The wanted putschist Hermann Ehrhardt went into hiding in Munich in 1920 with the help of the Bavarian police and government and founded the “Organization Consul” (O.C.). The O.C. was a secret organization in two respects: As a paramilitary Free Corps, it was financed by the Reichswehr and partly by the Foreign Office in order to undermine the disarmament provisions of the Treaty of Versailles. As a rallying point for “determined national-minded men” to “combat everything anti- and international, Judaism, social democracy and radical left-wing parties” (O.C. statutes), it also formed a reservoir of political murderers to eliminate leading figures of the Weimar Republic.
In the summer of 1921, Ehrhardt and Adolf Hitler agreed on the military training of a ‘Saalschutz’ (Hall Guard) for the Nazi Party, which was also to be available for Ehrhardt's actions. This was the foundation on which the “Gymnastics and Sports Department of the Nazi Party”, soon to be called the Storm Battalion (SA), was founded on August 3, 1921 under the leadership of O.C. officer Hans-Ulrich Klintzsch and which was expanded up to May 1923.
Two weeks after the SA was founded, O.C. members murdered the former Reich Finance Minister Matthias Erzberger. The perpetrators were able to flee to Hungary. Investigators in Baden uncovered the organizational structure of the O.C. – including the Munich cover address “Bavarian Wood Processing Company”, located at Trautenwolfstraße 8. Despite support for the O.C. from the Bavarian police and politicians such as Georg Heim, members of the Munich leadership were arrested. Public prosecutors from Offenburg brought charges of murder and forming a secret society.
The O.C. quickly reorganized itself.

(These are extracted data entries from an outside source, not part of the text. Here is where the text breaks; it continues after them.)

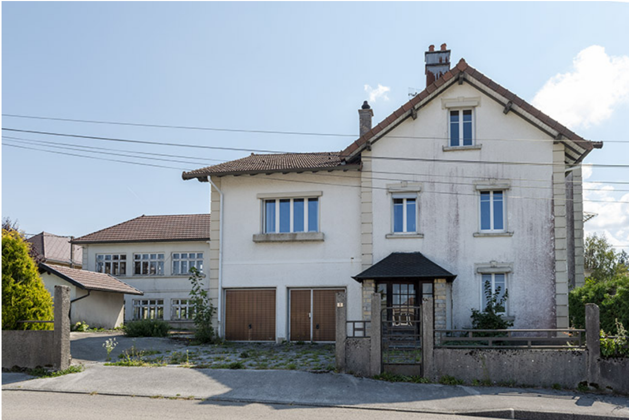
Site d'origine : façade antérieure de l'usine et de la maison.

25, Bonnétagé, 5 route de Besançon, lieudit : le Grand Communal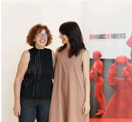
PRESENTATION: "EN MANOS DE MUJERES. A STUDY ON THE INTERNATIONAL VISIBILITY OF CONTEMPORARY SPANISH ART;" MUSEO NACIONAL THYSSEN-BORNEMISZA, MADRID, 2023.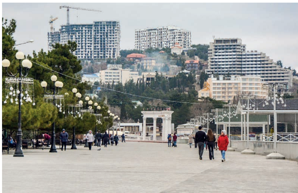
И сегодня на набережной Алушты немало туристов.

It founded the legal “New German League”.
Further assassination attempts by the O.C. on Philipp Scheidemann and Walther Rathenau led to the Republic Protection Act in July 1922 and the banning of the O.C. One day after the SA's failed attack on the May Day rally in Munich in 1923, Ehrhardt founded the “Viking League” as a replacement for the O.C., with its editorial office in the Ringhotel at Sendlinger Torplatz 1. Arms suppliers' offices were still operating at this location as successors to the citizens’ militias in Bavaria.